Pornhub Funding Unbiased Study of Porn's Effects on Users

LAWRENCE, Kan.—As every politically aware adult industry member and fan must know, there are dozens of websites on the World Wide Web that are only too happy to print any article or screed whose subject matter is, essentially, "Why Porn Is So Bad for You." Such sites include, most prominently, FightTheNewDrug.org, an offshoot of the equally scurrilous National Center On Sexual Exploitation, or NCOSE, the successor to Morality In Media. But plenty of other religio-conservative groups have taken up that calling as well, including Family Research Council, Parents Television Council, Concerned Women For America, Focus on the Family, and of course anti-porn activist Gail Dines' own website, but there are plenty more.

Countering those anti-fappers are a number of researchers such as Dr.

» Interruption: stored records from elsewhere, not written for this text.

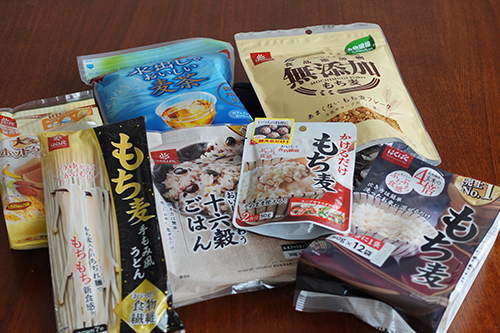 もち麦うどんや、大麦のホットケーキミックスなどなど。
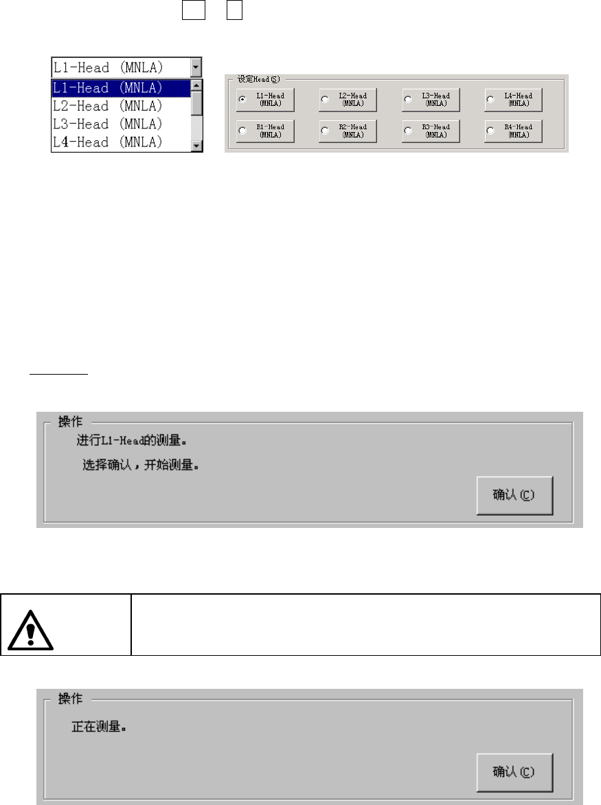 请根据操作框显示的指示,对在[设定 Head(S)] 选择的贴片头进行测量(FX-1 为从组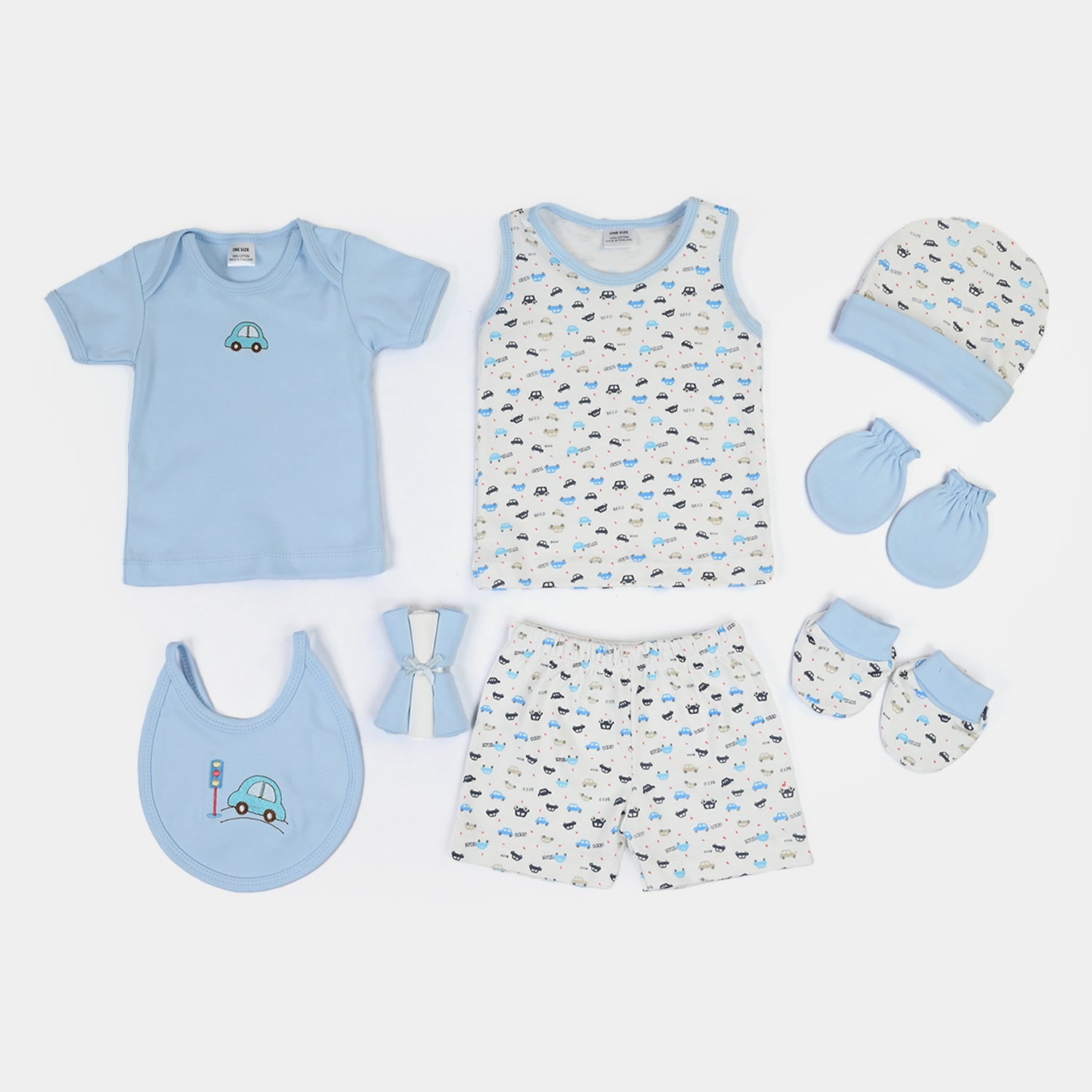 T-shirt, Sando, mittens, pajamas, cap, bib, socks, and face towel. |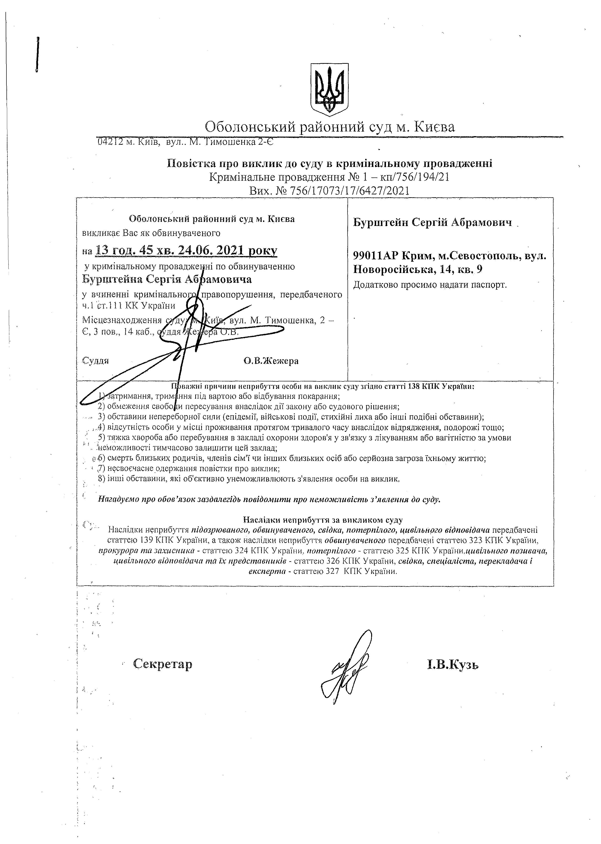 Оголошення про виклик до суду

Neil Malamuth, Dr. Chauntelle Tibbals, Dr. Marty Klein and several others, many of whom can be found in the peer-reviewed academic journal Porn Studies. But considering the vast religio-conservative armies amassed against the adult industry, and the general lack of will within the industry to support research to counter the poor scholarship and outright lies that make up the "anti-porn research" industry, kudos must be given to Pornhub, whose roughly two-year-old "official philanthropic division" Pornhub Cares has just awarded a trio of researchers at the University of Kansas $25,000 to fund research into just how porn viewers (including the 28.5 billion who spent 4.6 billion hours looking at it on Pornhub last year) use porn in their everyday lives and how such viewing affects those lives—if it does at all to any significant degree.

According to an article on the website Inverse.com, University of Kansas psychology professor Omri Gillath, Ph.D., together with collaborators Dr. Ateret Gewirtz-Meydan and doctoral candidate Katie Adams will be carrying out a total of three studies over the next year and a half, all dedicated to "investigating the concern that porn is a part of day-to-day life ... but we know nearly nothing about its short- and long-term effects."

"For many years there was a trend," said Gillath. "Researchers with a negative bias coming into the area and almost forcing their negative bias on the research of porn."

However, Gillath hasn't made any promises to Pornhub that it will necessarily like the conclusions he and his team may reach after completing their research, especially in light of Gillath's statement that, "This is where people are getting some of the sex ed, for better or worse," referring to the plethora of online porn, and noting that "it takes some sort of education and explanation" to make sure people still forming their ideas about sex and sexuality understand that porn is not real life—such as the widespread notion among some younger porn viewers that all women like anal sex.

"Unfortunately for some people, porn is replacing what used to be a level-headed education about these things, and it adds a lot of anxiety and a lot of stress and all kinds of maladjustments," Gillath said.

It's the sort of misinformation that could easily be corrected if public (and private) schools simply had comprehensive sex education courses for teens, but a combination of a lack of federal funding for such teachings together with religio-conservative groups targeting school districts that do offer it, claiming that such education is better handled in the home by parents (who often are even more ignorant of the subject that are their children), makes Gillath's and his associates' work all the more necessary.